2. The vane pump as set forth in Claim 1, wherein said backpressure groove comprising:
at least one suction backpressure groove arranged to be circumferentially close to
at least one suction port which opens to said pump chambers within an angular area
where each of said pump chambers increases its volume as said rotor rotates;
at least one ejection backpressure groove arranged to be circumferentially close to
at least one ejection port which opens to said pump chambers within another angular
area where each of said pump chambers decreases its volume as said rotor rotates;
and
communication grooves of an arc shape having a center on the rotational axis of said
rotor and connecting said at least one suction backpressure groove with said at least
one ejection backpressure groove; and
wherein the outer circumferential edge of said ejection backpressure groove is
deflected at its rotationally preceding part to be indented toward the rotational
axis of said rotor along said locus so that the radial innermost end of each vane
does not protrude radially inwardly beyond said predetermined distance from the rotationally
preceding part of the outer circumferential edge of said ejection backpressure groove.

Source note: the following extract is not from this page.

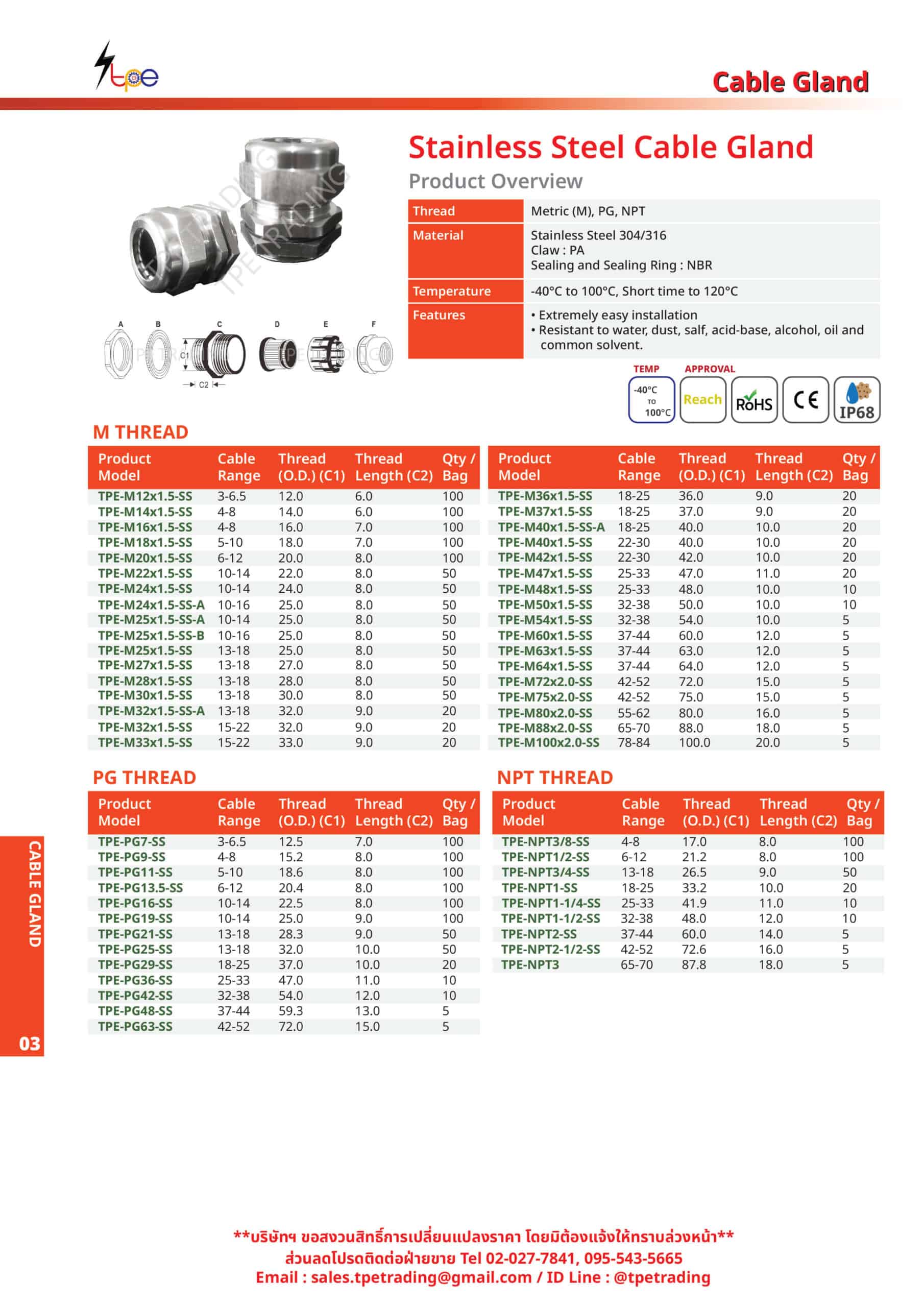 • ทนอุณภูมิได้ตั้งแต่ ต่ำสุด -40° C สูงสุด 120 ° C  มีให้เลือก 3 ชนิดเกลียว คือ เกลียว PG, M ( Metric ), NPT (นิ้ว) ครอบคลุมทุกขนาดสายไฟ

3. The vane pump as set forth in Claim 1, wherein:
within at least a part of another angular area where each vane is moved radially inwardly
from the radial outermost position, a recess portion for preventing a radial innermost
part of one side surface of each vane from contacting the inside end surface of said
side wall member is further provided on the inside end surface of said side wall member
which slidably contacts said rotor and each vane; and
the outer circumferential edge of said recess portion is deflected at its rotationally
preceding part to be indented toward the rotational axis of said rotor along said
locus so that the radial innermost end of each vane does not protrude radially inwardly
beyond a predetermined distance from the rotationally preceding part of the outer
circumferential edge of said recess portion.

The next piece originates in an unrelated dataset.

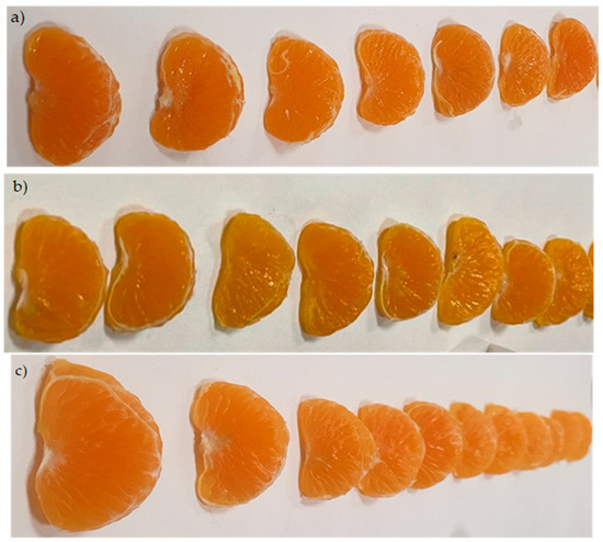 Previous studies have evaluated the influence of edible coatings on whole citrus fruits. Alvarez et al. [14] saw that pectin-based coatings enriched with eugenol preserved the chemical-physical characteristics of ‘Valencia’ oranges and reduced the incidence of sour rot caused by P. Italicum. Jurić et al. [15] noted that layer-by-layer hydroxypropyl methylcellulose/chitosan or single chitosan coating preserved the overall quality of mandarin fruit both at room and cold temperatures for 10 and 28 days, respectively. Rasouli et al. [16] evidenced that an edible coating based on Aloe vera gel and salicylic acid reduced electrolyte leakage, chilling injury, and malondialdehyde accumulation and preserved sensorial, textural, and microbiological characteristics of the orange ‘Thomson Navel.’ While edible coatings on whole citrus fruits have already been tested [14,15,16], no coating has yet been tested on segments of Clementine to produce ready-to-eat fruits. In addition, there are no studies concerning the packaging and storage of Clementine segments, so this research could be useful for disseminating new knowledge on equally new possibilities for technological proposals and the marketing of quality fruit.

4. The vane pump as set forth in Claim 2, wherein:
within at least a part of another angular area where each vane is moved radially inwardly
from the radial outermost position, a recess portion for preventing a radial innermost
part of one side surface of each vane from contacting the inside end surface of said
side wall member is further provided on the inside end surface of said side wall member
which slidably contacts said rotor and each vane; and
the outer circumferential edge of said recess portion is deflected at its rotationally
preceding part to be indented toward the rotational axis of said rotor along said
locus so that the radial innermost end of each vane does not protrude radially inwardly
beyond a predetermined distance from the rotationally preceding part of the outer
circumferential edge of said recess portion.
5. The vane pump as set forth in Claim 4, wherein the rotationally preceding part of
the outer circumferential edge of said recess portion is in parallel to said locus.
6. The vane pump as set forth in Claim 2, wherein the rotationally preceding part of
the outer circumferential edge of said ejection backpressure groove is in parallel
to said locus.
7. The vane pump as set forth in Claim 3, wherein the rotationally preceding part of
the outer circumferential edge of said recess portion is in parallel to said locus.